E-commerce leaders take note: If you want to force your customers to do anything via your terms and conditions, you need to give the T&C its own checkbox. So help me, that is the edict just handed down by the U.S. Court of Appeals for the Seventh Circuit. The specific ruling involved getting customers of TransUnion to waive their right to sue, but attorneys watching the case point out that it could apply to almost anything. Want customers to sign over their salary direct deposits to you? No problem, as long as it’s in your T&C and, critically, it has its very own checkbox.
Before we delve into this legally correct but logically bankrupt ruling, some quick background.
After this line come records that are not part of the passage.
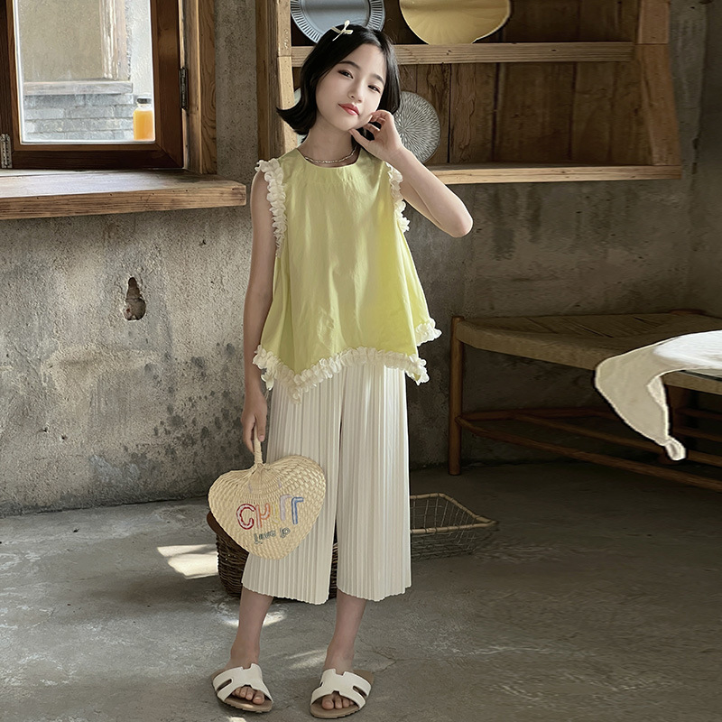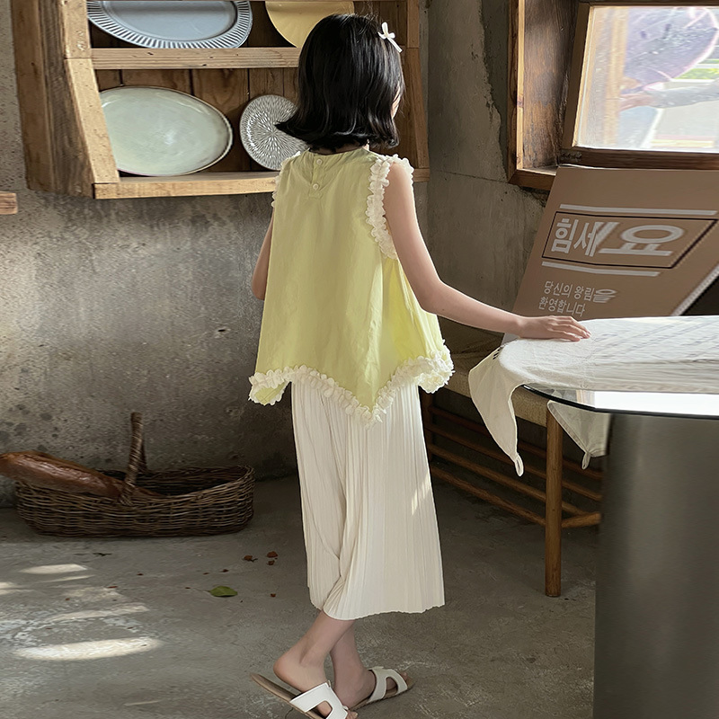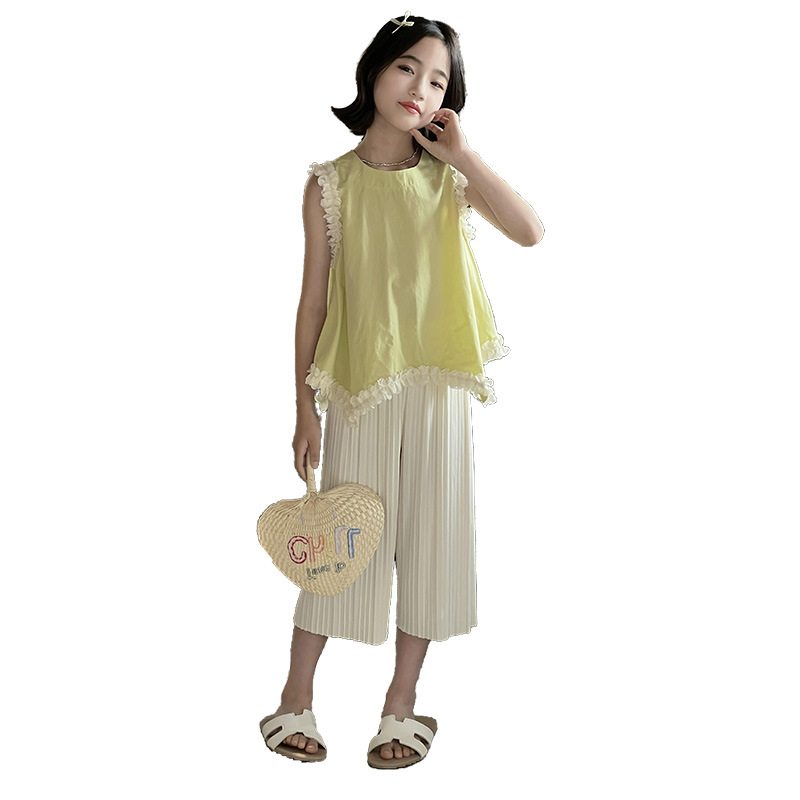 | nameOriginal | Girls' Sleeveless Capri Pants suit 2024 New Children's Mori Lace Vest Cool Summer Ice Silk Two-piece Set |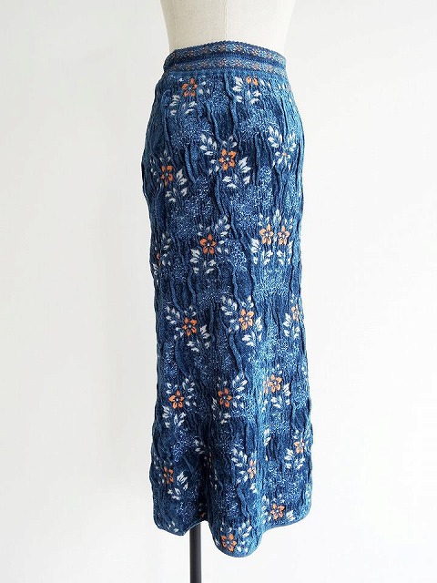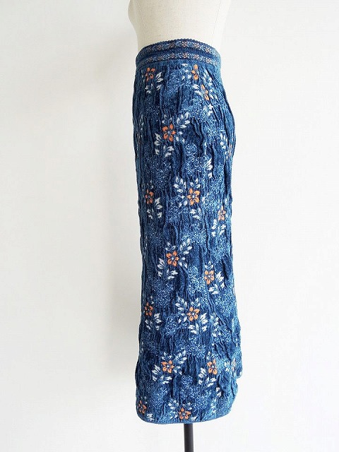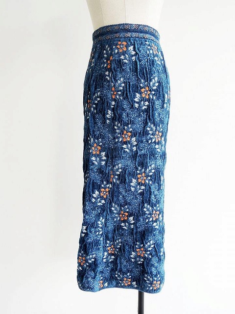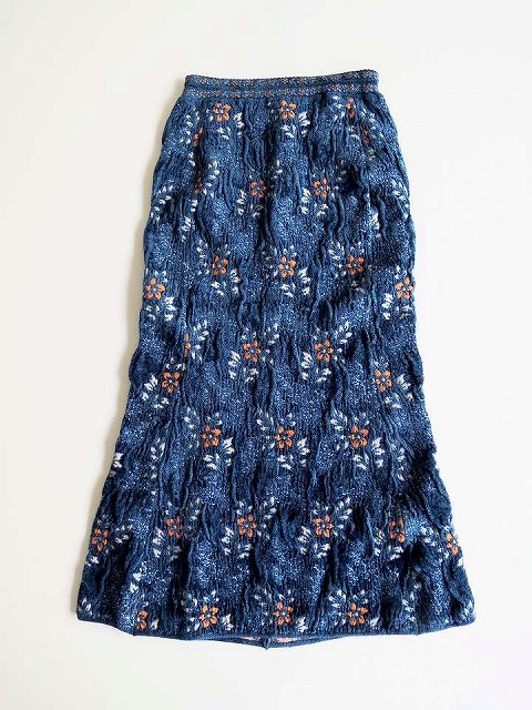 ・リブ部分に小花柄をあしらったノスタルジックで表情豊かな配色のニットスカートは、しっかりとした肉感とウエストゴム仕様によりリラックスムードを叶える1着。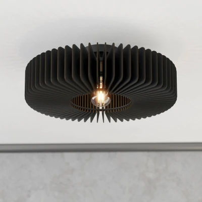 Eglo Ceiling Light Fixture Palombaia, Flush lamp, Round Living Room and Bedroom Lighting, Black Wood, E27 Socket, Ø 20"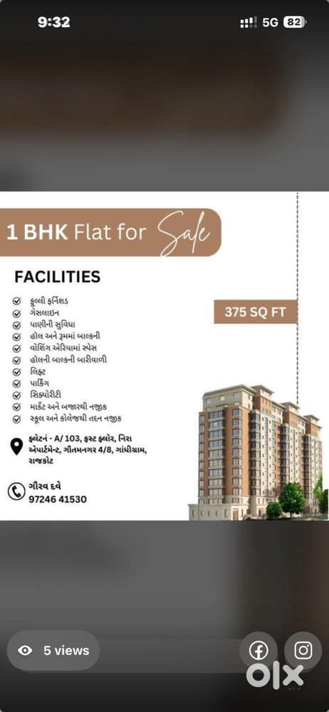 - ₹ 20,50,0001 BHK - 1 Bathroom - 400 sqft1BHK Flat, Mavadi ChowkdiMavadi Area, Rajkot20 Nov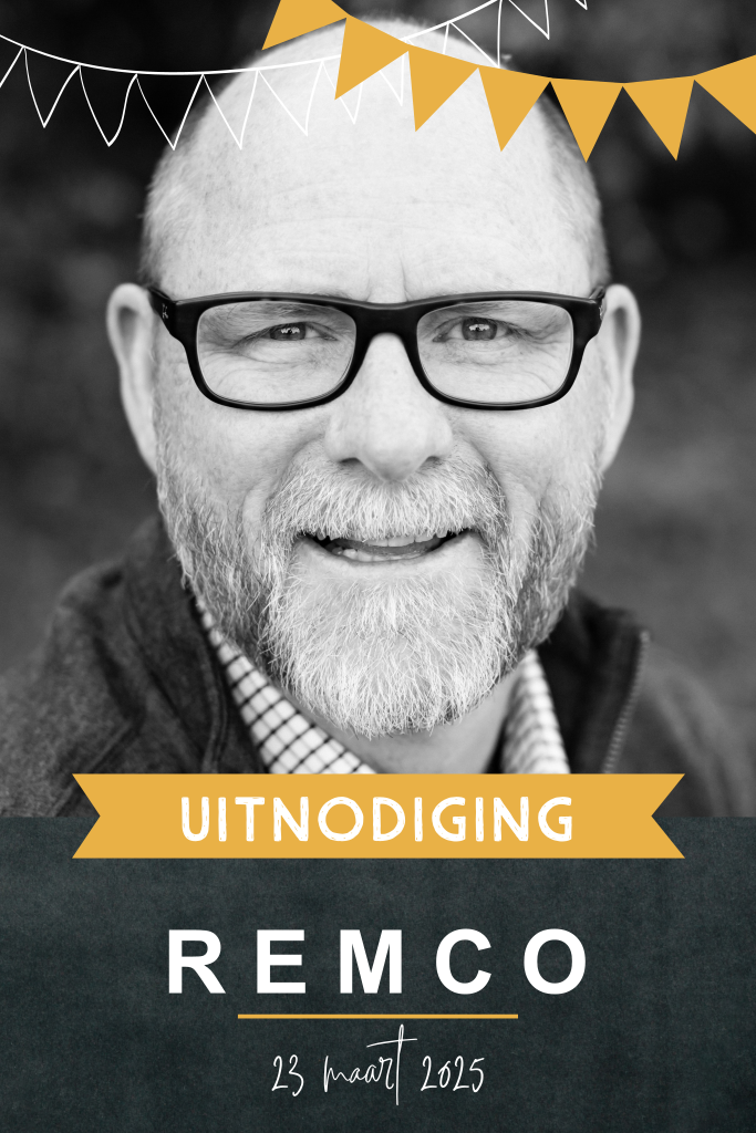 Maak je eigen persoonlijke verjaardagsuitnodiging met een foto van de jarige. De slinger en banner in okergeel maken de kaart extra feestelijk. De teksten en kleuren van de kaart pas je eenvoudig aan in de online editor.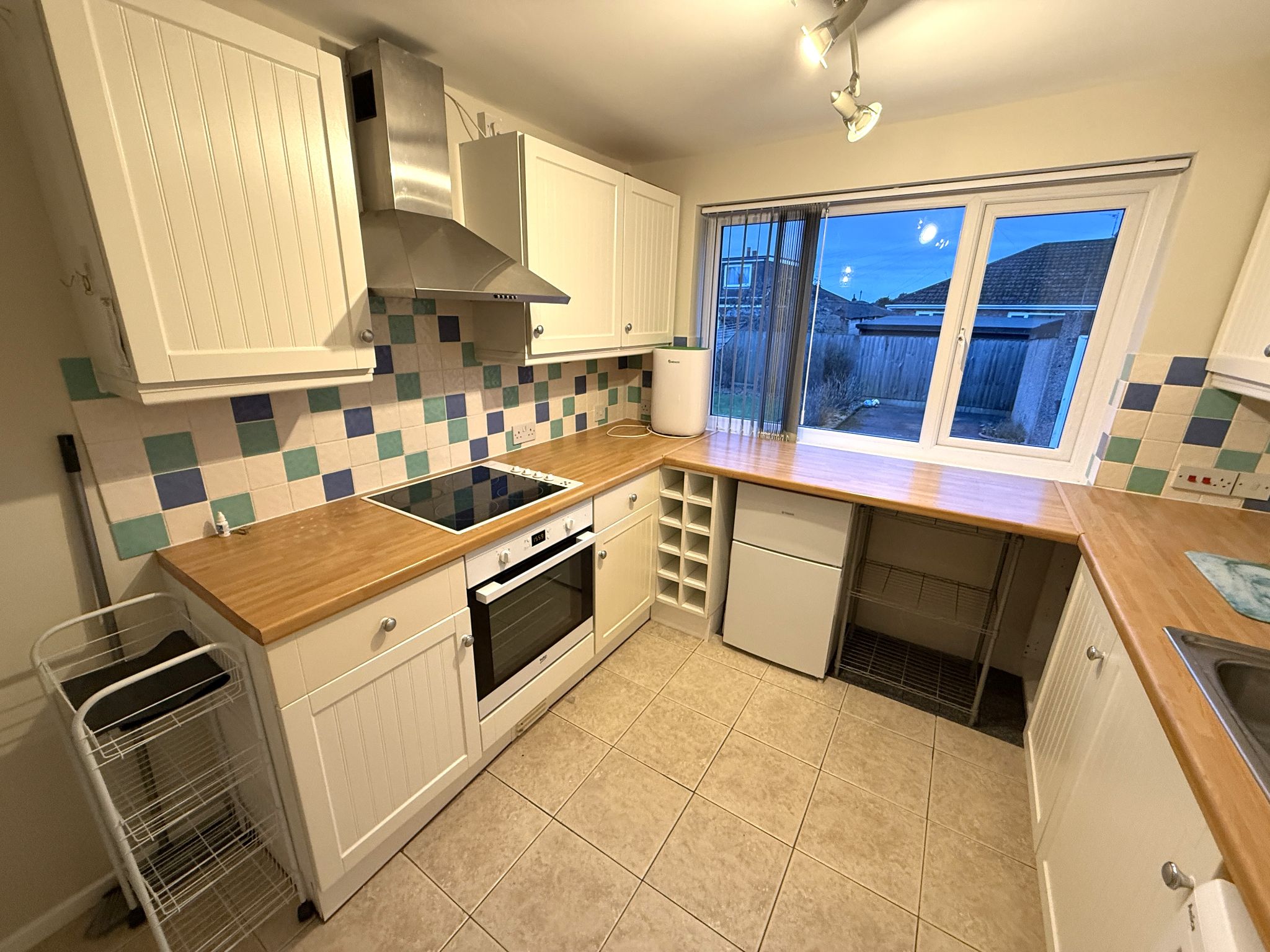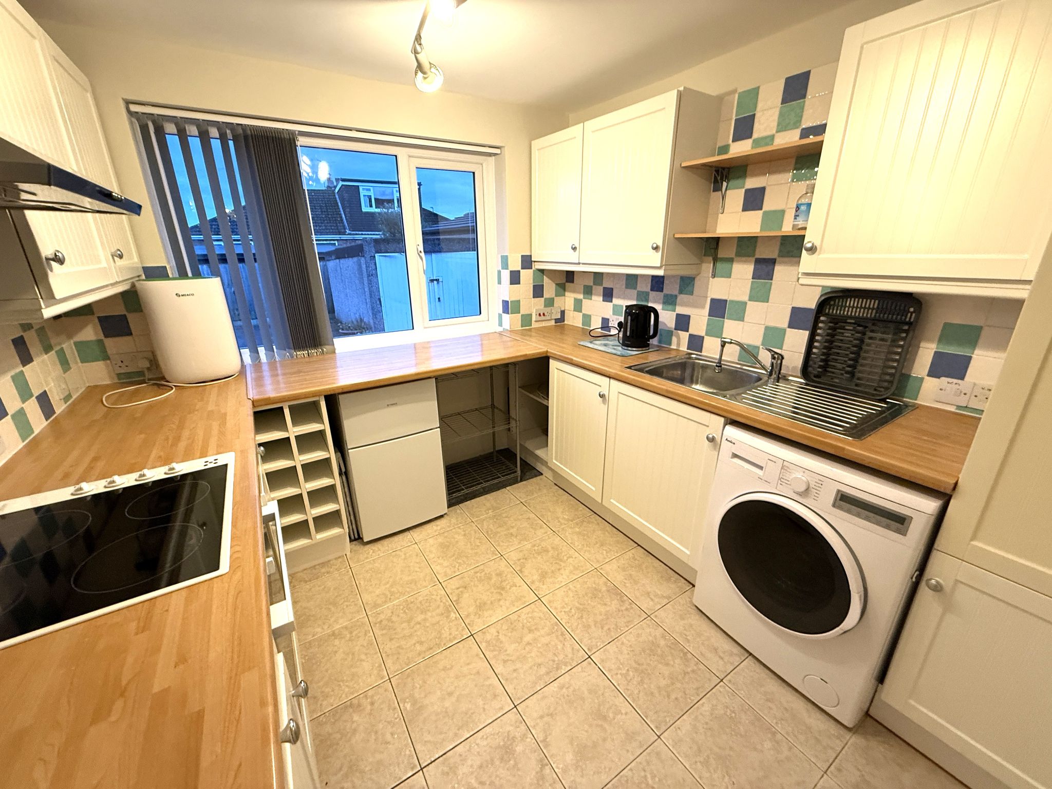 Modern fitted kitchen with cream wall & base units, wooden effect worktops, washing machine, fridge/freezer, integrated oven, hob and extractor.
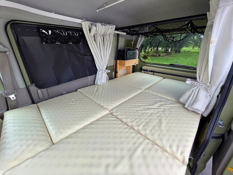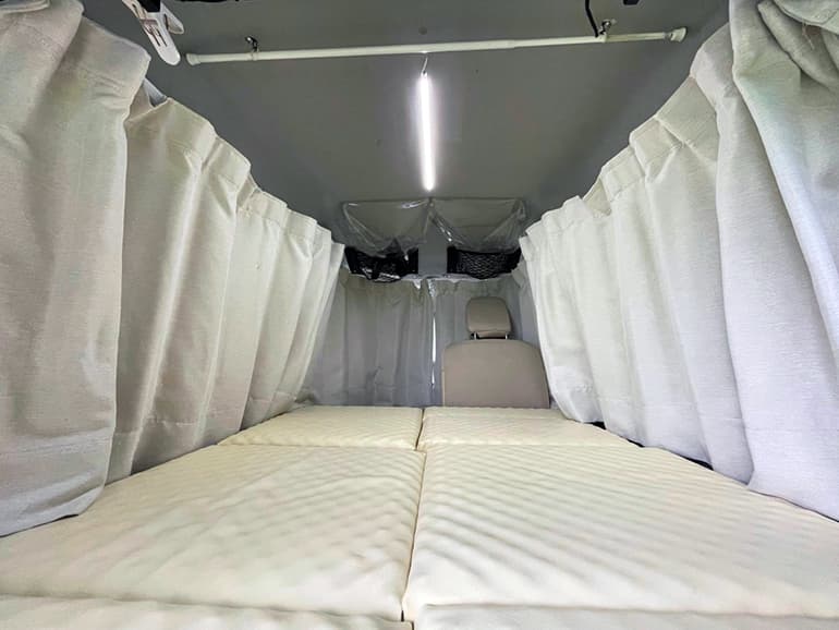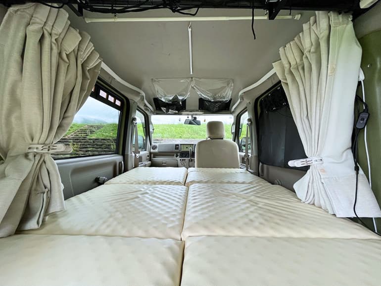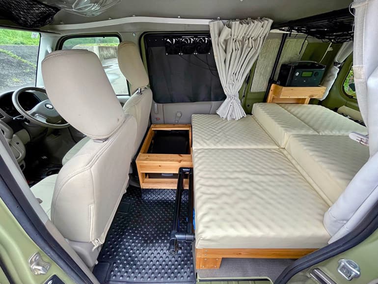 出来上がった車中泊仕様のエブリイは、室内が狭いものの、想像以上に快適な空間。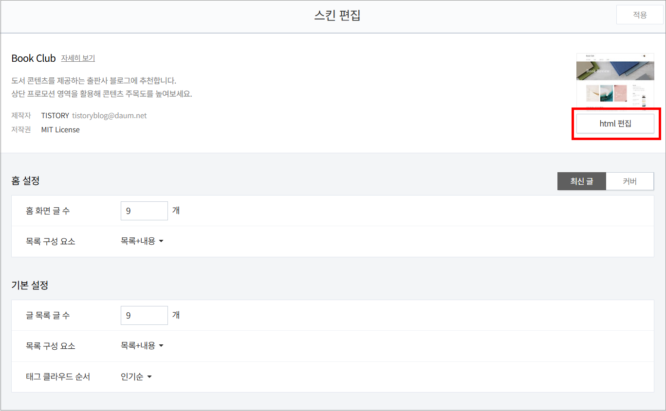 2. 티스토리 관리자 → 꾸미기 → HTML 편집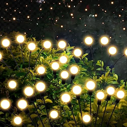 【LUCI FIREFLY SOLARI ESTERNO】Luci solari da giardino le lucciole lo accendono per renderlo un grande creatore di un'atmosfera romantica. Gli steli sono morbidi ed elastici, quindi le lucciole fluttuano al vento,ogni lampadina LED emetterà una luce bianca calda, la luce danzante rende il vostro giardino e patio più caldo e attivo! perfette per la casa, il giardino, la decorazione del paesaggio, il cortile, il patio, la passerella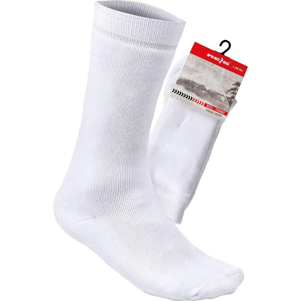 Dlhé biele termo ponožky REIS. - Froté - 2/3 dĺžky lýtka - Určené na dlhodobé nosenie pri nízkych teplotách - Poskytujú pohodlie - Chránia chodidlá pred oderom - Hypoalergénne - Dodávajú sa s malým vešiakom pre jednoduché vystavenie

The current law of the land involving the broader issue of forcing consumers to accept arbitration instead of allowing them to sue in civil court is a case from five years ago called AT&T Mobility v. Concepcion, referred to by lawyers simply as Concepcion. In that 5-4 decision, the U.S. Supreme Court ruled that companies had the right to mandate arbitration simply by mentioning it somewhere in a T&C document, one as long as they liked.
There are many who argue that arbitration is, generally, a far worse option for consumers than going to civil court. For one thing, the hearings are private and the decisions and transcripts are not publicly available. It’s that risk of public airing of bad practices that is behind so many civil court settlements.
Second, the arbiters are private businesspeople. Whether arbiters, as a group, are more or less qualified to weigh these difficult decisions than appointed or elected judges is certainly debatable. But what is indisputable is that companies hire the arbiters. Although that may not consistently and directly deliver a favorable verdict, the reality is that arbiters who routinely rule against the company are not likely to get hired by companies very often. In short, the process of elimination means that the arbiter likely has a history of business-friendly rulings.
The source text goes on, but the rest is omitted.